The joint program by USAID, MASHAV of Israel and the Ministry of Agriculture of Ethiopia has introduced over 2,000 farmers with an avocado variety – Hass – imported from Israeli. The program over the past four years has managed to export Hass from Ethiopia and find the results encouraging and worth expanding, according to Wale Getaneh, Deputy coordinator of the project. “The reason we focused on avocado over the last four years is because the international market for it is rapidly growing that Ethiopia has suitable weather for growing avocado,” Mr. Wale told NewBusinessEthiopia.com. He stated that after familiarizing a few thousands of smallholder farmers with the avocado variety imported from Israel and teaching them how they can grow, the project has been exporting Hass avocado to the Netherlands by collecting from the farmers.“We started by exporting two tons of avocado four years ago. After we get good feedbacks from the importers, we decided to increase the volume annually including many smallholder farmers into the project,” he says.

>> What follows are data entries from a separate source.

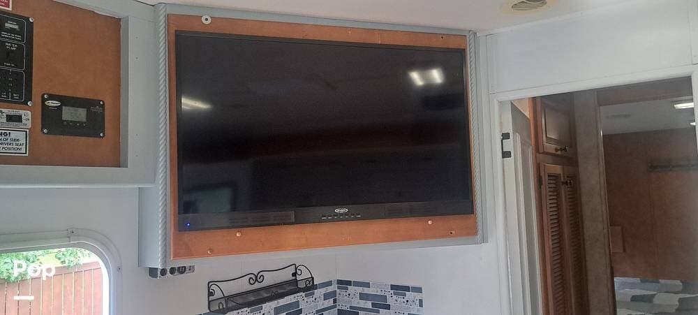 This coach is outfitted with three TVs and a Winegard TV receiver.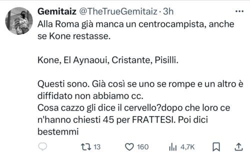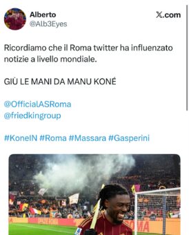 Su X il malumore corre veloce. “Sarà peggio di Pjanic alla Juve. Friedkin senza ambizioni”, scrive un utente. E non è l’unico: anche il rapper Gemitaiz attacca la scelta della società. “Alla Roma manca già un centrocampista, anche se Koné restasse. Come si può pensare di venderlo dopo che l’Inter ci ha chiesto 45 milioni per Frattesi?”.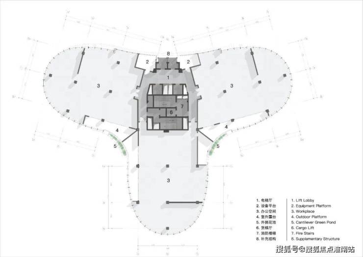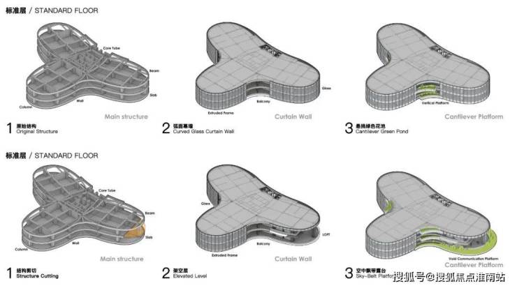 审查原始图纸时,我们发现塔楼原有设备平台丑陋的出挑于主干道方向,且受制于《城市规划条例》的变更,又无法拆除或并入计容空间内。如果藏不住,那就让它show出来,其也成为空中花园的结构雏形,绿化点缀于轮廓弧度转折点,打断过于冗长的玻璃幕墙,同时掩盖了城市的喧嚣,创造出和平宁静的空间氛围。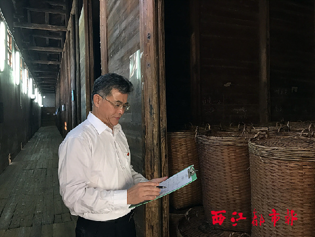 何志強(qiáng)在公司的木板干倉檢查六堡茶的陳化情況。

The following year the export volume has increased to eight tons and then exported 14 tons the next year. Wale says they have exported a kilogram of avocado for $3.6, $4 and $5.7, consecutively.“When we exported the 14 tons, we made a trial by exporting eight tons using vessel to see the feasibility of the business for the private sector in the future. But the trial was not easy because of the not much developed logistics sector of Ethiopia, which includes waiting long to freezing container. But the avocados we exported using the vessels finally reached Rotterdam on the 36th day. It was encouraging and the feedback from the client was also very good,” he says, advising the private sector to move into growing avocado for export market.

Avocado VS coffee 

Wale also suggests that the government should consider good incentives for investors who come to invest in avocado production and export. This is because it has a potential to generate huge hard currency for the country even more than what the country is currently getting from coffee export.

“If well invested in, avocado can take over coffee in a short time in terms generating hard currency for Ethiopia,” Wale says, indicating that Ethiopia should learn from successful horticulture development experiences of Israel and the Netherlands.

Comparing with coffee, he says that one can plant up 2,600 coffee seedlings per hectare with output of 10 to 12 quintals per hectare. But by planting 416 seedlings of avocado per hectare with up to 20 tons per hectare, Ethiopia can get more export earnings as compared to what it is getting from one hectare of coffee.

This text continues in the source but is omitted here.